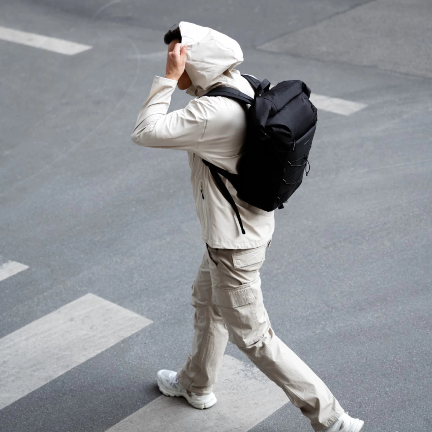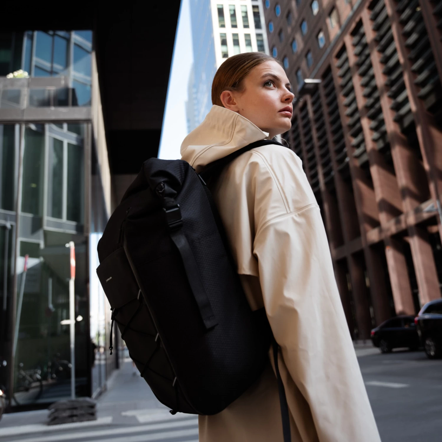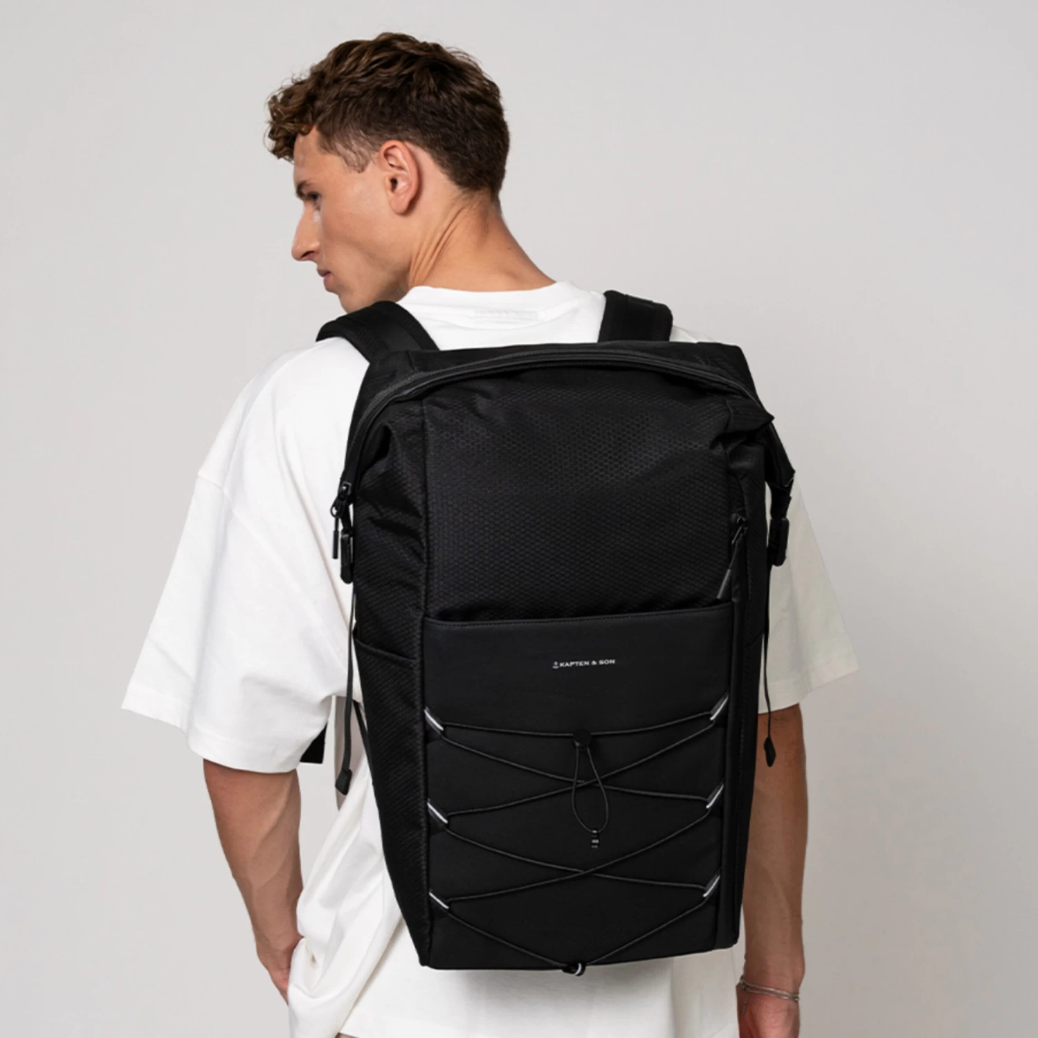- extra wasserabweisender Mix aus Ripstop, recyceltem PET und veganem Tech-Material
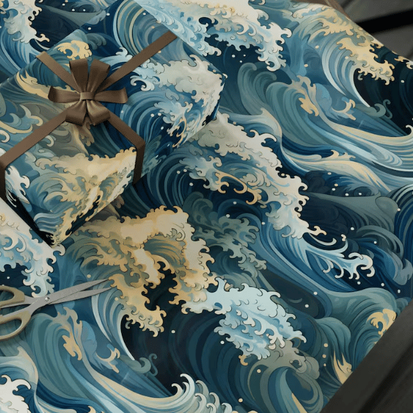 Blue Great Wave Wrapping Paper for birthdays and Christmas—Kanagawa wave design with ocean waves crashing. Perfect for adding a dramatic touch to your gift presentation.
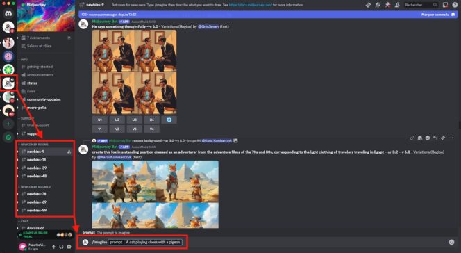 Rejoignez le serveur de Midjourney, puis les salons de création, pour générer vos images. © Montage BDM
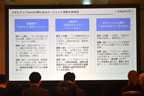 スキルアップNeXtは自社および顧客企業で、既にAIエージェントのビジネス活用を進めているという。以下がその一例だ。
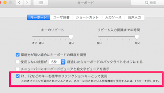 ここのチェックを付けることで、fnキーを押さなくても標準的なファンクションキーが有効になります。
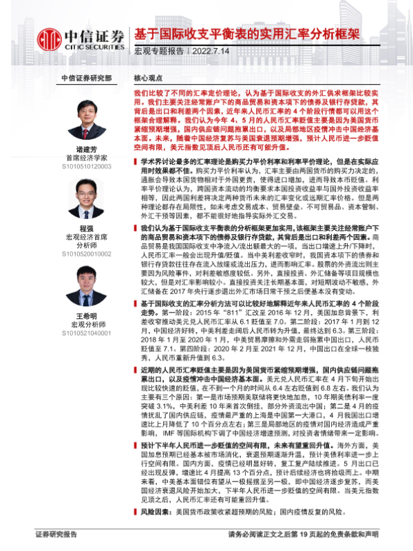 【中信证券】【20220714】基于国际收支平衡表的实用汇率分析框架-20页
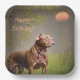 Ces plaques de papier d'anniversaire ont un beau Pitbull marron.
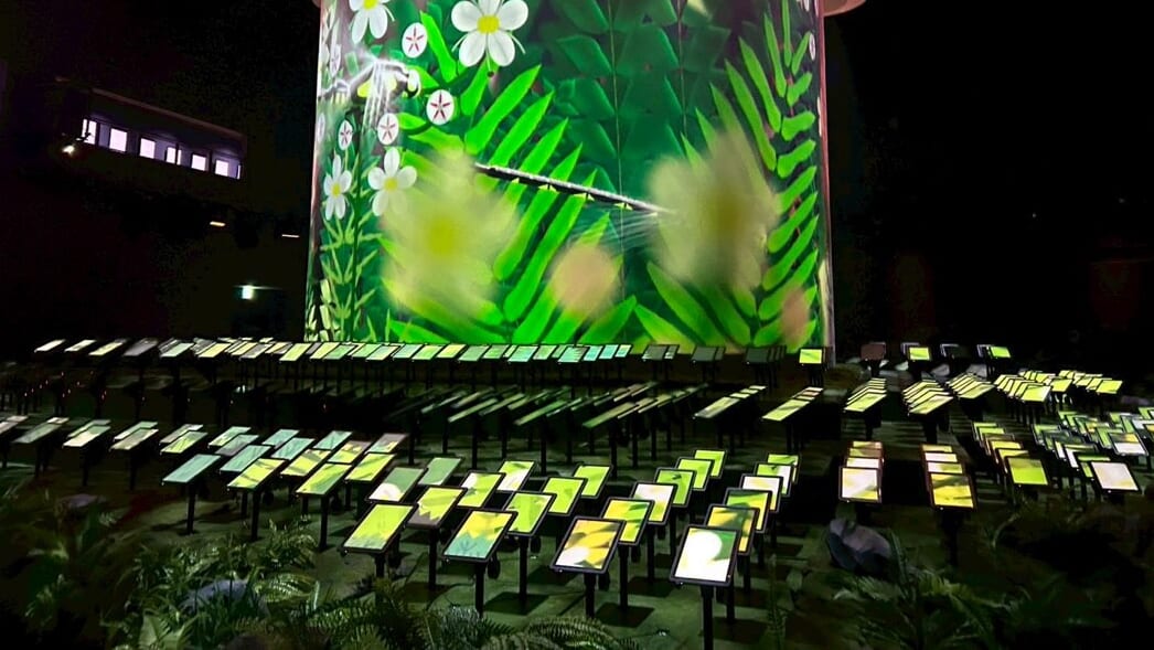 実際の花と透明マイクロLEDディスプレイを組み合わせることで、バーチャルとリアルが織りなす視覚効果を体験することができます。60インチ透明マイクロLEDディスプレイ(AUO)モジュールをつなげることで、実際のランの花の上でバーチャルの蝶が飛び交う様子を実現します。
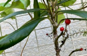 パッションフルーツの実〜^0^ 10・27 kao · Posted on 2023年10月28日 パッションフルーツの実が留守にしてる間に一回り大きくなっていた! 去年は実がつかなかったから、1個でも今年はすばらしい〜^^ さーて・・・熟してくれるかな? 百両(カラタチバナ)の実が赤くなってきた。 しかーし・・・カイガラムシの集団には参った・・・・ ここまでひどいカイガラムシ被害は初めてだ。涙 ムベは今年は4個〜〜ちょっと色づいてきたような・・・ サンザシの実は今年は”さんざん”だ。 10個もないみたい。 何が原因なんだろう?
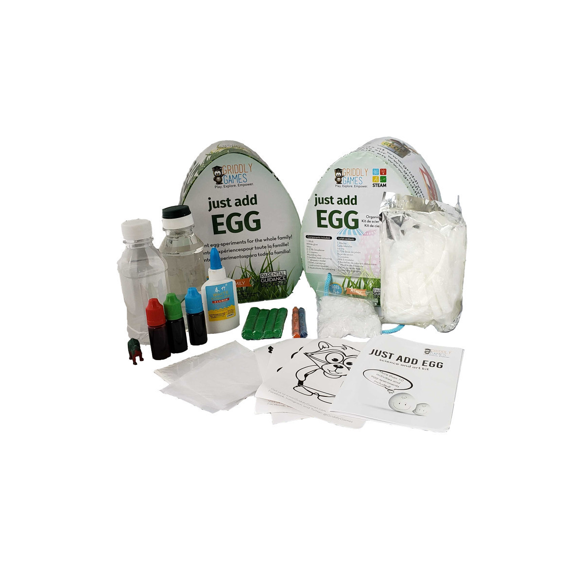 Just Add Egg makes science and art at home easy by using supplies you already have. This kit comes loaded with everything you need for at-home science and art experiments, all you need to do is add the missing ingredient. This bio-organic STEAM kit offers egg-citing activities for young artists and scientists to explore! More than 10 science and art activities including Egg Shell Dying, Egg Shell Geode and so much more! Discover chemical reactions, Experiments with Pressure Difference, and the Study Of Membranes. This kit features instructions in English, Spanish and French. Designed for kids ages 5 and up.
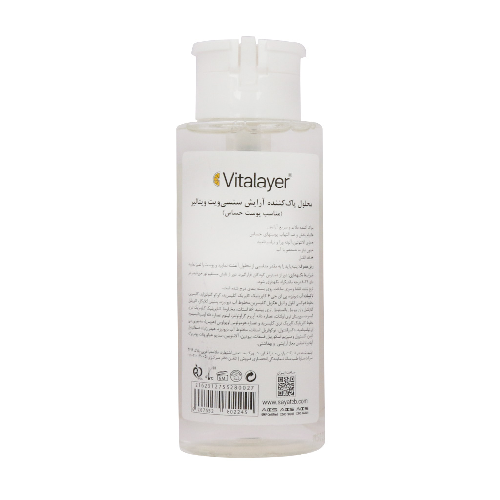محلول پاک کننده آرایش سنسی ویت ویتالیر مناسب پوست حساس بوده و با فرمولاسیون ملایم علاوه بر پاک نمودن آلودگی از روی پوست، خاصیت التیام بخشی و ضد التهاب نیز دارد. این محلول بدون نیاز به شستشو با آب است.
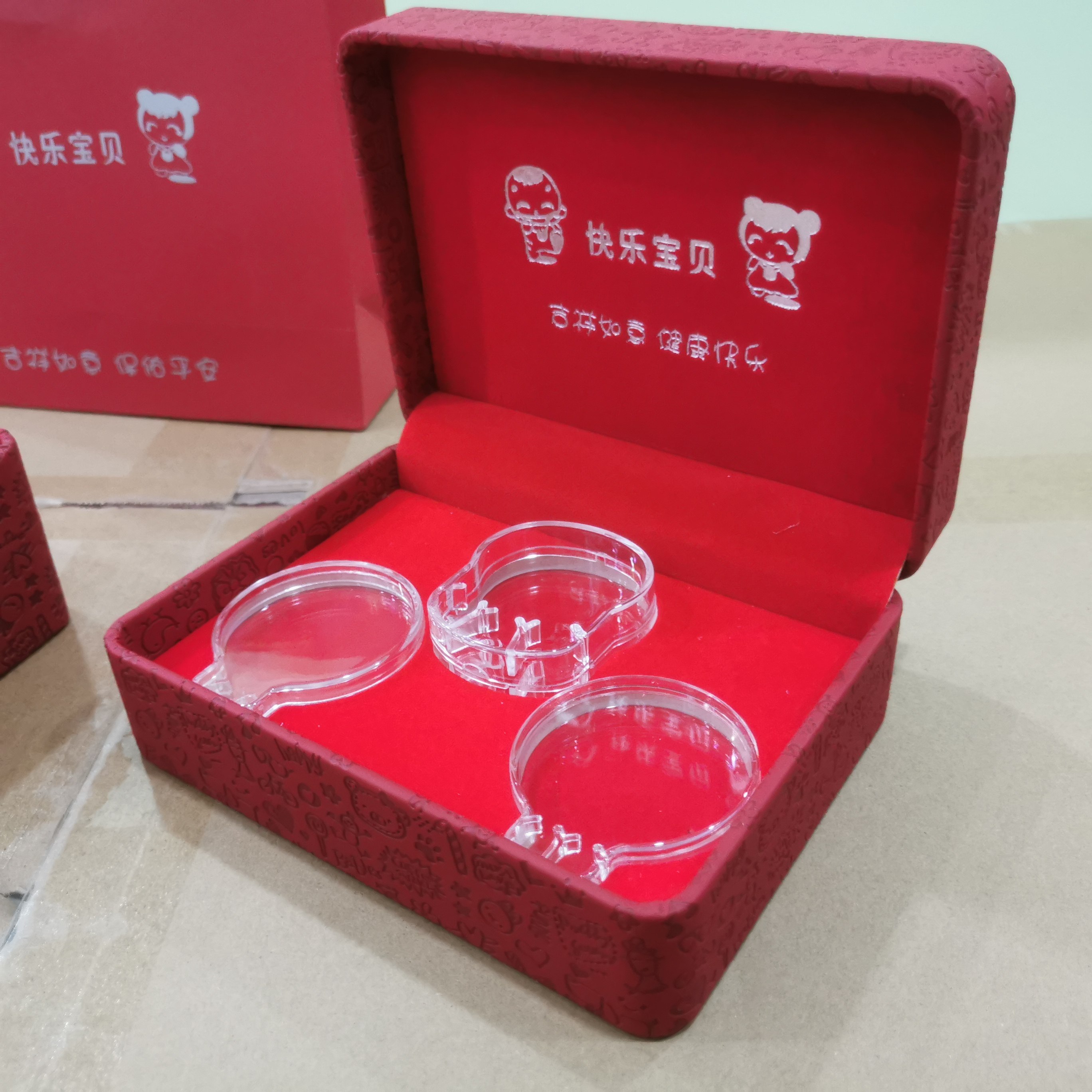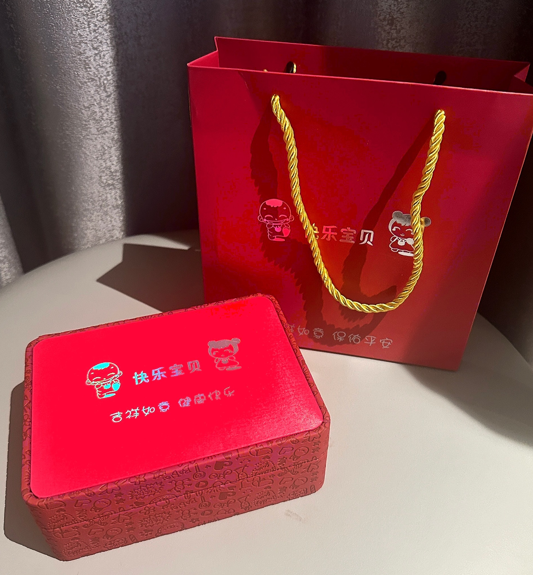 快乐宝贝项圈盒宝宝金项圈银项圈收纳盒儿童手镯长命锁套装盒定制
_____
◆ PROBLEM: What you write must match the listing exactly, from the line with "スキルアップNeXtは自社お" up to and including the line with "実際の花と透明マイクロLED". Pictures stay out.

◆ EXERCISE ANSWER:
 スキルアップNeXtは自社および顧客企業で、既にAIエージェントのビジネス活用を進めているという。以下がその一例だ。
 ここのチェックを付けることで、fnキーを押さなくても標準的なファンクションキーが有効になります。
 【中信证券】【20220714】基于国际收支平衡表的实用汇率分析框架-20页
 Ces plaques de papier d'anniversaire ont un beau Pitbull marron.
 実際の花と透明マイクロLEDディスプレイを組み合わせることで、バーチャルとリアルが織りなす視覚効果を体験することができます。60インチ透明マイクロLEDディスプレイ(AUO)モジュールをつなげることで、実際のランの花の上でバーチャルの蝶が飛び交う様子を実現します。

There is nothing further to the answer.